Creamy White Chili
This Creamy White Chili Just Feels Like a Hug
Okay, so I’ve got a confession: I didn’t even like chili for years (maybe that’s a crime in Texas, who knows). But then a friend brought this creamy white chili to a book club night and—no exaggeration—I went home with her recipe scribbled on a napkin. It’s the only chili I make when the weather can’t decide what to do, or if my nephew pops over because he randomly loves anything with white beans. There’s just something about the gentle heat, the tender chicken, the rich-but-not-too-rich sauce… Anyway, if you ever find me huddled by the stove with this bubbling away, don’t judge, just grab a bowl and join in. And honestly, the first time I made it, I forgot the corn, and weirdly, nobody even noticed—so that’s my story and I’m sticking to it.
Why You’ll Love This (Or At Least Why I Do)
- I make this when I’m craving something a little different from your classic beef chili (or when I forgot to buy ground beef… again).
- My family goes crazy for this because it’s not spicy enough to frighten picky eaters, but you can easily toss in extra jalapeños if you like to live dangerously.
- I keep most of the stuff for this in my pantry (canned beans, corn, green chiles). If you don’t have sour cream, well, I hesitantly admit that I once used Greek yogurt and—it worked. Go figure.
- This chili is secretly pretty easy, even though it tastes kind of fancy. Somedays all I want is a big bowl and a batch of cornbread (see where my priorities are?).
Stuff You’ll Need (With My Usual Swaps)
- 2 tablespoons olive oil (or heck, butter if you want it richer)
- 1 onion, chopped up however you like—my aunt insists on yellow, but white or even red is fine
- 2 cloves garlic, minced (sometimes I just use the jarred stuff for, uh, convenience)
- 1 jalapeño, diced (take out the seeds if you’re scared of heat—sometimes I skip if I’m feeling lazy)
- 1 teaspoon ground cumin (I eyeball it, but this is ’bout right)
- 1 teaspoon dried oregano (dried marjoram works fine too—don’t tell anyone I said that)
- 1/2 teaspoon chili powder (or more, I just give it a shake from the jar)
- 3 cups cooked shredded chicken (rotisserie chicken makes this a breeze; I’ve even used leftover turkey, which was not bad!)
- 2 cans (15 oz each) white beans, drained and rinsed (Great Northern, cannellini, navy, whatever is cheapest, honestly)
- 1 can (4 oz) diced green chiles—my grandmother always insisted on Old El Paso, but any brand works
- 2 cups chicken broth (sometimes I use those little bouillon cubes with hot water, don’t @ me)
- 1 cup frozen corn (canned is okay too; fresh is fancier but who preps corn in January?)
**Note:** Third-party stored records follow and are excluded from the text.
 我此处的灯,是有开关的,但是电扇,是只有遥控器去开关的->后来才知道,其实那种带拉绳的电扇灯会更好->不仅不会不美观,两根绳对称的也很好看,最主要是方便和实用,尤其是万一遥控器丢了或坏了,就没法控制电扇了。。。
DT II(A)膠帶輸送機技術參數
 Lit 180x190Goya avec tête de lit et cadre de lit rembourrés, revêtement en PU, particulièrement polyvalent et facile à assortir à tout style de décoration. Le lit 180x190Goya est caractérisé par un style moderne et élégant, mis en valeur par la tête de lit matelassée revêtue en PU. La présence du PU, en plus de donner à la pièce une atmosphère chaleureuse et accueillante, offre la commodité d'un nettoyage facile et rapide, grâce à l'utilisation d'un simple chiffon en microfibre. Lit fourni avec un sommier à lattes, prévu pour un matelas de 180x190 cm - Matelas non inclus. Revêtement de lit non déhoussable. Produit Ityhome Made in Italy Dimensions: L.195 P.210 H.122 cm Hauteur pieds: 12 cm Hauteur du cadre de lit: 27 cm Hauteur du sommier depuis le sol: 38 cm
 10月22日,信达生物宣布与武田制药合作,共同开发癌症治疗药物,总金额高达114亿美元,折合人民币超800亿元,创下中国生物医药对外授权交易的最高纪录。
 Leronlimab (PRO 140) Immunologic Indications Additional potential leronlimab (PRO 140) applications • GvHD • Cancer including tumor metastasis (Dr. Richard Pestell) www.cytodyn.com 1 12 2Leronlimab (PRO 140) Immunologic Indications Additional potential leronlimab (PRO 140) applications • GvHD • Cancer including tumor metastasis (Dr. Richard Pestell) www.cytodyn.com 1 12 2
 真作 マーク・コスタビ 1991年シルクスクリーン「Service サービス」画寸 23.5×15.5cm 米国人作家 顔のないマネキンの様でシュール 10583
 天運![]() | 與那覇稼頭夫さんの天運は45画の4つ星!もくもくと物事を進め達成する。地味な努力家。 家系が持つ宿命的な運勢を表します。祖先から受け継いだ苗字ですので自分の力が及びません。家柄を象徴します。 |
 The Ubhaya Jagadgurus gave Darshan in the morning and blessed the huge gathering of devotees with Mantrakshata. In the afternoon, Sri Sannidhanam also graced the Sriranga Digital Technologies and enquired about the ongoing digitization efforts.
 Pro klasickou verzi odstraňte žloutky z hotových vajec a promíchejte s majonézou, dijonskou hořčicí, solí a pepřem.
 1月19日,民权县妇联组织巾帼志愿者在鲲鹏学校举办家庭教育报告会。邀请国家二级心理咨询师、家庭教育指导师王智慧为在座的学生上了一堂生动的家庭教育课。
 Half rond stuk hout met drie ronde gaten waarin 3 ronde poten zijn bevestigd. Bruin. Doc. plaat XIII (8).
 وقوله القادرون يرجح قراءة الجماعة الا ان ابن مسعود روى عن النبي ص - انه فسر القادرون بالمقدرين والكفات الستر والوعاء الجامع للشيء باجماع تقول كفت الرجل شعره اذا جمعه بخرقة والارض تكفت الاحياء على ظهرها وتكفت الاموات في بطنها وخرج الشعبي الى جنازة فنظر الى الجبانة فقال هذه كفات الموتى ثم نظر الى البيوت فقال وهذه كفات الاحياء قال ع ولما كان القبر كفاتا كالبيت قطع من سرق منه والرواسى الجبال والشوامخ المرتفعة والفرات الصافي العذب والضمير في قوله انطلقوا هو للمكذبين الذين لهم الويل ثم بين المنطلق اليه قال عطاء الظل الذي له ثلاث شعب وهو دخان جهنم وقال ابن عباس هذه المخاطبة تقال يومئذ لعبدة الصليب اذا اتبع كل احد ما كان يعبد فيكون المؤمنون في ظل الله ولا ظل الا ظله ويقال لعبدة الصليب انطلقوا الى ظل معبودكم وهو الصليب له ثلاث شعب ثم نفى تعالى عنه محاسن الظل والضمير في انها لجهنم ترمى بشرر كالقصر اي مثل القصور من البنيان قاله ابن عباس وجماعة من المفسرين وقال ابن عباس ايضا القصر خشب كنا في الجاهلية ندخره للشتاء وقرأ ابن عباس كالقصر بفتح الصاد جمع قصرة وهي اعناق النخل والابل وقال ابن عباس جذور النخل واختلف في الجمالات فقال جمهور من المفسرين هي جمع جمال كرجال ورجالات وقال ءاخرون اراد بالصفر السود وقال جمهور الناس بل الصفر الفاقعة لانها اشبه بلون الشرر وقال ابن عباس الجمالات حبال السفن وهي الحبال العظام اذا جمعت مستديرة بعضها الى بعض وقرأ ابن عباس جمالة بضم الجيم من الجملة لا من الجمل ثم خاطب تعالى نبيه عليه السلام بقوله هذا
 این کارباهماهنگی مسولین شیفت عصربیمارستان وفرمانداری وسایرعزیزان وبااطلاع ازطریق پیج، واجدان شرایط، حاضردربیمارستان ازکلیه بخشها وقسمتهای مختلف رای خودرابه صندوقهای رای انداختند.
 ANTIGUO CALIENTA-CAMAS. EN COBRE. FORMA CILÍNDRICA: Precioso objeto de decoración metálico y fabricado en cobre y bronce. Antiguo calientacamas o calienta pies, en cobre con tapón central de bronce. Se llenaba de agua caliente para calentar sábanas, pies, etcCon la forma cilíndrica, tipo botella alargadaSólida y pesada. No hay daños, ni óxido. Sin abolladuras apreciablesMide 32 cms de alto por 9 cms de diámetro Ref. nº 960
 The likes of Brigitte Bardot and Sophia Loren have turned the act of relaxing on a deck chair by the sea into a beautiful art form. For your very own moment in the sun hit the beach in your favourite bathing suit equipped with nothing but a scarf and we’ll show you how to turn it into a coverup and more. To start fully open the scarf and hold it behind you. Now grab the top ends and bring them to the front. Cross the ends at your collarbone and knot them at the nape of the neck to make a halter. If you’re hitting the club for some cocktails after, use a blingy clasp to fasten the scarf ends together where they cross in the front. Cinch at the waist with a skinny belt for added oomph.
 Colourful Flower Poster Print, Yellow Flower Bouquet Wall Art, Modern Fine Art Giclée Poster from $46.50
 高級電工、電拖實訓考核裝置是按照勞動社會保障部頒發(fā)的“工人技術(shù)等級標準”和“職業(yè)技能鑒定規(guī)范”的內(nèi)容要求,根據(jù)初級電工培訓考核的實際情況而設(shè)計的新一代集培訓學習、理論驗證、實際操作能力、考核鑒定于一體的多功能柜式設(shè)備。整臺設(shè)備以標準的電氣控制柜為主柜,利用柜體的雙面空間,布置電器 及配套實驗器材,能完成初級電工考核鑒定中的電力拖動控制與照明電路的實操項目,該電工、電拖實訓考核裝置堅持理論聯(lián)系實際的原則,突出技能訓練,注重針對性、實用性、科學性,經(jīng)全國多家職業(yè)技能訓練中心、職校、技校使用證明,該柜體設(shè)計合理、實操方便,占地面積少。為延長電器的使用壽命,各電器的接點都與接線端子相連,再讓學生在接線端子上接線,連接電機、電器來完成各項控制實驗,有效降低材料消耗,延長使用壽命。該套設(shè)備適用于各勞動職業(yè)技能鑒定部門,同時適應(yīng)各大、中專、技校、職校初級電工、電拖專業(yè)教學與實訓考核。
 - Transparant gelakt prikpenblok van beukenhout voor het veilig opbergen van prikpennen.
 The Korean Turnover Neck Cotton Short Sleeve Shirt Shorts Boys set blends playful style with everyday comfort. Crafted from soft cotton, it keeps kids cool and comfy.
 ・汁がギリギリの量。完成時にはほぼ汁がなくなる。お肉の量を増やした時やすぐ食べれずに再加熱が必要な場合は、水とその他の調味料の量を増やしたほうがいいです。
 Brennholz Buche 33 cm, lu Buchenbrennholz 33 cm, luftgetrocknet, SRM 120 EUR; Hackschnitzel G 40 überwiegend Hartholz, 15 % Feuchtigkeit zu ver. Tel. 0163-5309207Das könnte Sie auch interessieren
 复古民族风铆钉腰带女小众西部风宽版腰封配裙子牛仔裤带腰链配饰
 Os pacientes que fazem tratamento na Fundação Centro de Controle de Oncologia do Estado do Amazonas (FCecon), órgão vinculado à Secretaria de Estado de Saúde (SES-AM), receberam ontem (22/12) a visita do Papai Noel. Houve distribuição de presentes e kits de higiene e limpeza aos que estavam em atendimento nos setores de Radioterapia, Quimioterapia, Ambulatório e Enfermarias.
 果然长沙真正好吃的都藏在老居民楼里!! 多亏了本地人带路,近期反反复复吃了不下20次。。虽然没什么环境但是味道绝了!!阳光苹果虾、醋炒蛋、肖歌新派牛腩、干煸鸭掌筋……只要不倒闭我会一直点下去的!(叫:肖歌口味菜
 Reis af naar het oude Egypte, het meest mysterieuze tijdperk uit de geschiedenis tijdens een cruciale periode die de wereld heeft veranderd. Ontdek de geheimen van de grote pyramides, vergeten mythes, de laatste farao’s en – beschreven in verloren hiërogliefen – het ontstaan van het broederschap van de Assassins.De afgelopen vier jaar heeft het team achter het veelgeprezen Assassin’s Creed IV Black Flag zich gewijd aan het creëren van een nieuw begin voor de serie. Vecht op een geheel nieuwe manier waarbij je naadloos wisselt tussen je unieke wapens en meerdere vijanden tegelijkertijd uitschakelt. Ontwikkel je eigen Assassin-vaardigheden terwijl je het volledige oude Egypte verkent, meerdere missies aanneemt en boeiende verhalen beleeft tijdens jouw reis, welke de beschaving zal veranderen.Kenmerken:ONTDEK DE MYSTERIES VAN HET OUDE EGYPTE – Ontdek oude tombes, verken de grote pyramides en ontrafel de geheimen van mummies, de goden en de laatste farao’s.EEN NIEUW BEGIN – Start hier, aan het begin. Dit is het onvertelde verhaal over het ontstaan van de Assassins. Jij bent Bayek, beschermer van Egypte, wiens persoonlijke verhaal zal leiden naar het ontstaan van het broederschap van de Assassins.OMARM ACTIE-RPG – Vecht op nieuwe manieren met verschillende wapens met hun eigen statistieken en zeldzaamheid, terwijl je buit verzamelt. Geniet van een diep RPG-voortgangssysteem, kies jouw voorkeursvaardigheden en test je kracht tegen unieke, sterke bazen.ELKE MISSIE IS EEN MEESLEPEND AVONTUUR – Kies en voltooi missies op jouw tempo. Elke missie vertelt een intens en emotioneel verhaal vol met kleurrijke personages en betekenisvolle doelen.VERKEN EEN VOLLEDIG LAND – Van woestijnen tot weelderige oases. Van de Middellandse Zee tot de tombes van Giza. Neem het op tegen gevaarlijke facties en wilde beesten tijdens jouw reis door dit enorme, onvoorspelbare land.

- 1/2 cup sour cream (or swap for Greek yogurt, as I sheepishly mentioned above)
- 1/2 cup half-and-half or whole milk (if you’re out, just add a splash more broth and an extra spoon of sour cream—why not?)
- Salt and pepper, to taste (I always forget the pepper until the end…it’s a flaw)
How I Actually Make It (Try Not to Skip the Tasting)
- Heat your olive oil in a big pot over medium. Toss in the onion. Give it a stir, and after 3-4 minutes (when things start smelling good), add the garlic and jalapeño. Cook ’til everything’s softened. This is usually when my dog wanders into the kitchen, hoping something hits the floor.
- Stir in the cumin, oregano, and chili powder. Let it toast for about 30 seconds, but don’t let it burn—trust me, burned spices are sad. It looks a little dry at this point but that’s normal.
- Add in the chicken, beans, green chiles, chicken broth, and corn. Give it all a nice stir. Don’t worry if it looks a bit weird at this stage—it always does!
- Bring it to a gentle simmer (bubbles, not a volcano) and let it do its thing for about 15 minutes. I use this time to clear random things off the kitchen counter—like that magazine pile from two months ago.
- Reduce heat to low. Stir in the sour cream and half-and-half, being gentle so it stays creamy; I once dumped it all in at a boil and things curdled a bit, but it still tasted fine (just not as pretty).
- Taste and adjust the salt and pepper. This is where I usually sneak a spoon straight out of the pot. Maybe let it gently heat another 5 minutes if you want things really melded together.
Random Notes Form a Recovering Recipe Tweaker
- This actually tastes better to me the second day. If you can wait, let it rest overnight in the fridge (but, honestly, it rarely survives that long in my house).
- I once forgot the sour cream completely—was still tasty, more of a brothy soup than a creamy chili, but hey, maybe that’s your jam.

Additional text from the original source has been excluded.